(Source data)
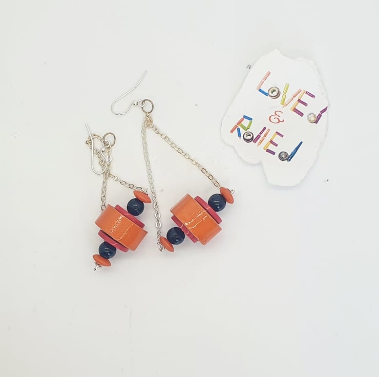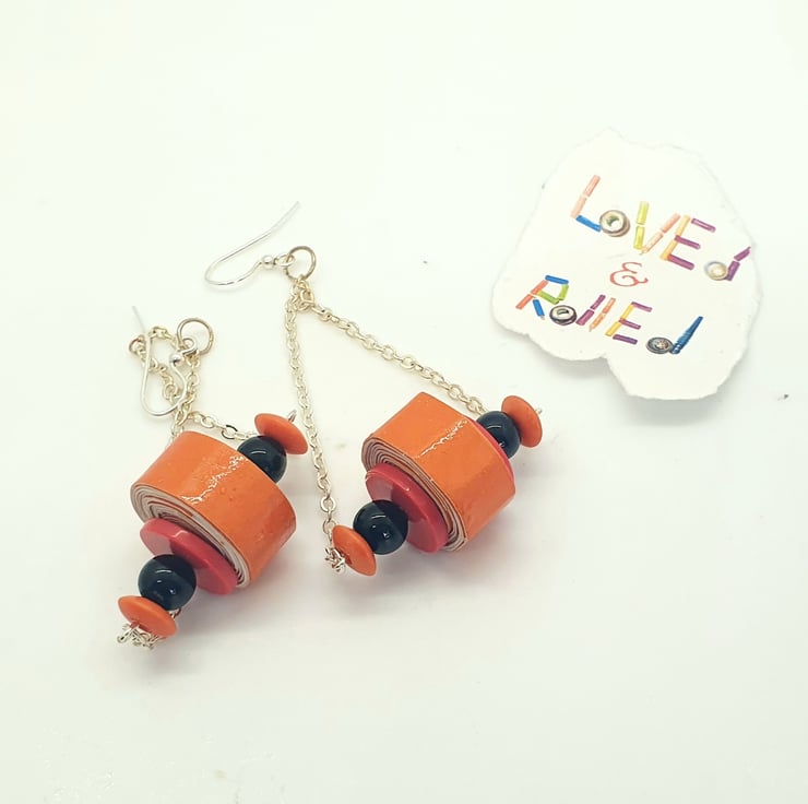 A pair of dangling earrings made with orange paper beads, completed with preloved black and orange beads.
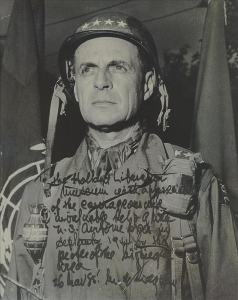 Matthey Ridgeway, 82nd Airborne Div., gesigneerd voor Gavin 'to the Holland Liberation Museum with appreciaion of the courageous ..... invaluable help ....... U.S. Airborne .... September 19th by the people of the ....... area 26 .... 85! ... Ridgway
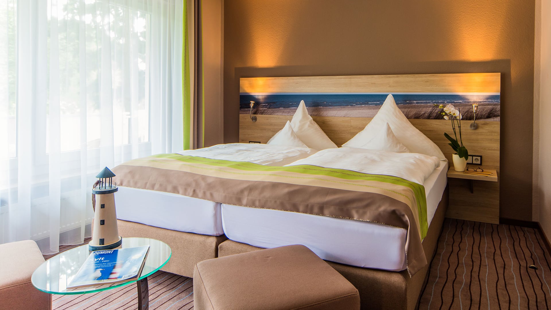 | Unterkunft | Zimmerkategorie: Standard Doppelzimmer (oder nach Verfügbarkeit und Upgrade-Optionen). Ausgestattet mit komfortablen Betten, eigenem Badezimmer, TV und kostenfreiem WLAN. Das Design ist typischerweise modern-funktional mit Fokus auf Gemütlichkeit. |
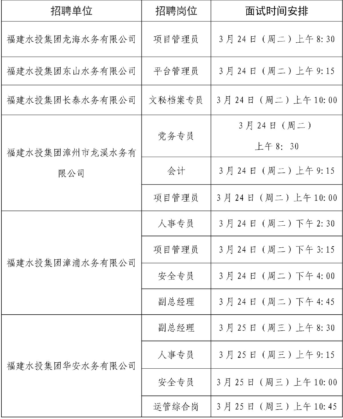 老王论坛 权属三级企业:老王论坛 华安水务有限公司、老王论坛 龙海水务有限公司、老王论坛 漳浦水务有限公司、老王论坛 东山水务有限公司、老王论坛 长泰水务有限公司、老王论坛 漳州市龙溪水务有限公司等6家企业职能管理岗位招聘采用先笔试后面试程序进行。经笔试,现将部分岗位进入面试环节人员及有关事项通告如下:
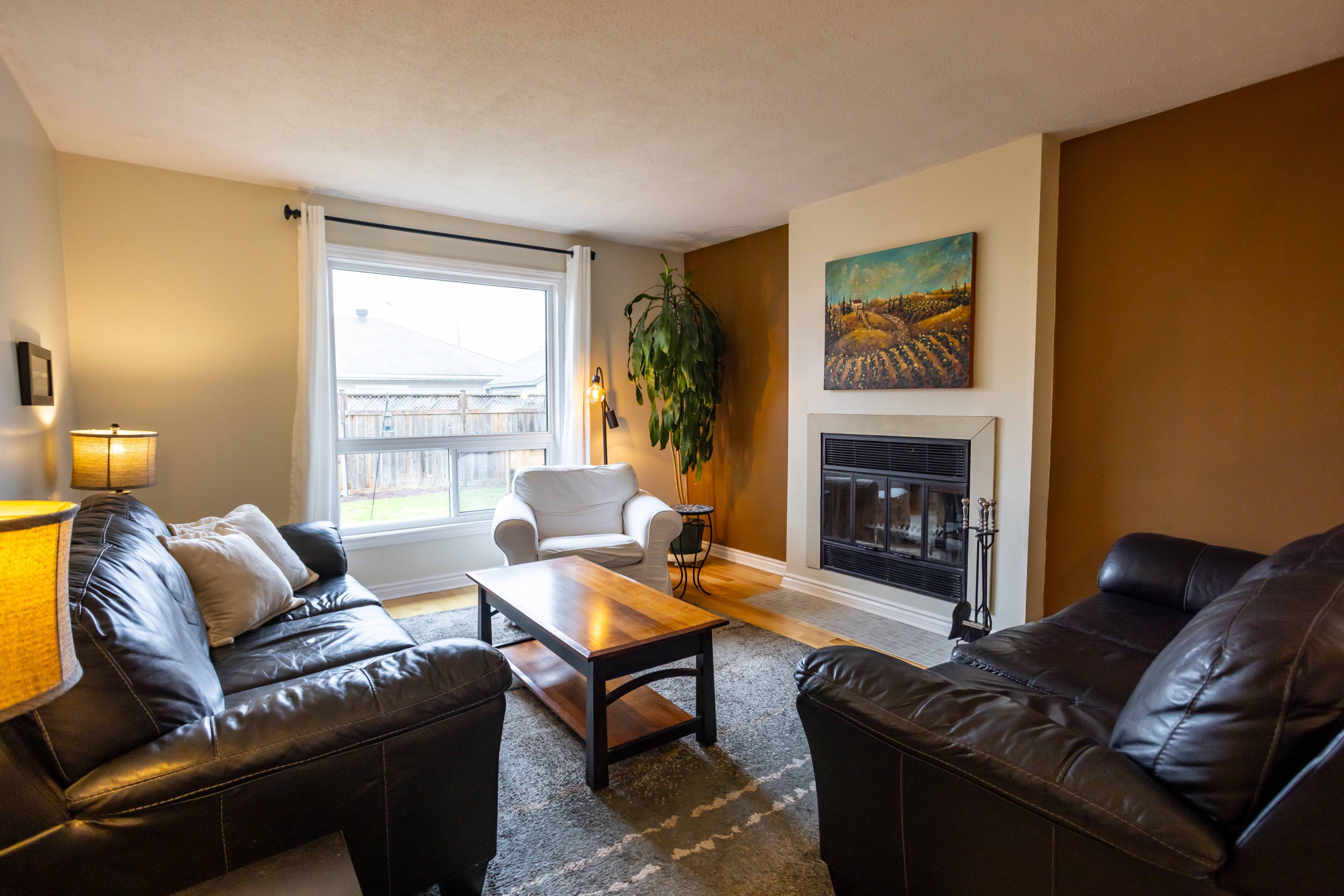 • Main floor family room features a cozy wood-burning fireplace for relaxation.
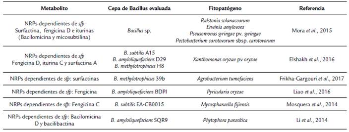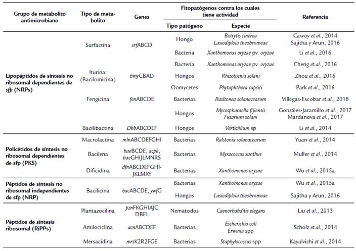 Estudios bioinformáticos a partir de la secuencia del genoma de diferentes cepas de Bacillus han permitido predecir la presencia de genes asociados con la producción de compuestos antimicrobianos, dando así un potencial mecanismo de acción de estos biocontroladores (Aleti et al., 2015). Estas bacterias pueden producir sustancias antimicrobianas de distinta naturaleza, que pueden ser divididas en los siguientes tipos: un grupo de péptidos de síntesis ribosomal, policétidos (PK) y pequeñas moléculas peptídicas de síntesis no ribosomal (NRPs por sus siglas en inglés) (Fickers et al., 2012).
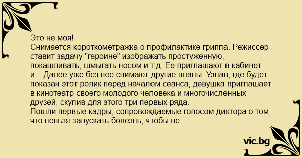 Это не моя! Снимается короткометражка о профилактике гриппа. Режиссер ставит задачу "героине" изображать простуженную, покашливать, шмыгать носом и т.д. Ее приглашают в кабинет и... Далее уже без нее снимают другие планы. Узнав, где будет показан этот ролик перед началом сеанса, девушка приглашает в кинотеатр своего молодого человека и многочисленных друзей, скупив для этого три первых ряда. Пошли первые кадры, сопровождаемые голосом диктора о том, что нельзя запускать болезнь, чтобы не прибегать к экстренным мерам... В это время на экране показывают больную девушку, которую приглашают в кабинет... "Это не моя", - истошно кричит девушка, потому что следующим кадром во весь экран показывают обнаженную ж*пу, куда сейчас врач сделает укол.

▸ **Exercise instructions**
The stretch to restate runs from the line above containing "auf Gemütlichkeit. |" through the line containing "老王论坛 权属三级企业:老王论坛 华安水务有限公司、老王论坛". Copy it word for word, ends included, without pictures.

▸ **Response area**
 | Unterkunft | Zimmerkategorie: Standard Doppelzimmer (oder nach Verfügbarkeit und Upgrade-Optionen). Ausgestattet mit komfortablen Betten, eigenem Badezimmer, TV und kostenfreiem WLAN. Das Design ist typischerweise modern-funktional mit Fokus auf Gemütlichkeit. |
 老王论坛 权属三级企业:老王论坛 华安水务有限公司、老王论坛 龙海水务有限公司、老王论坛 漳浦水务有限公司、老王论坛 东山水务有限公司、老王论坛 长泰水务有限公司、老王论坛 漳州市龙溪水务有限公司等6家企业职能管理岗位招聘采用先笔试后面试程序进行。经笔试,现将部分岗位进入面试环节人员及有关事项通告如下:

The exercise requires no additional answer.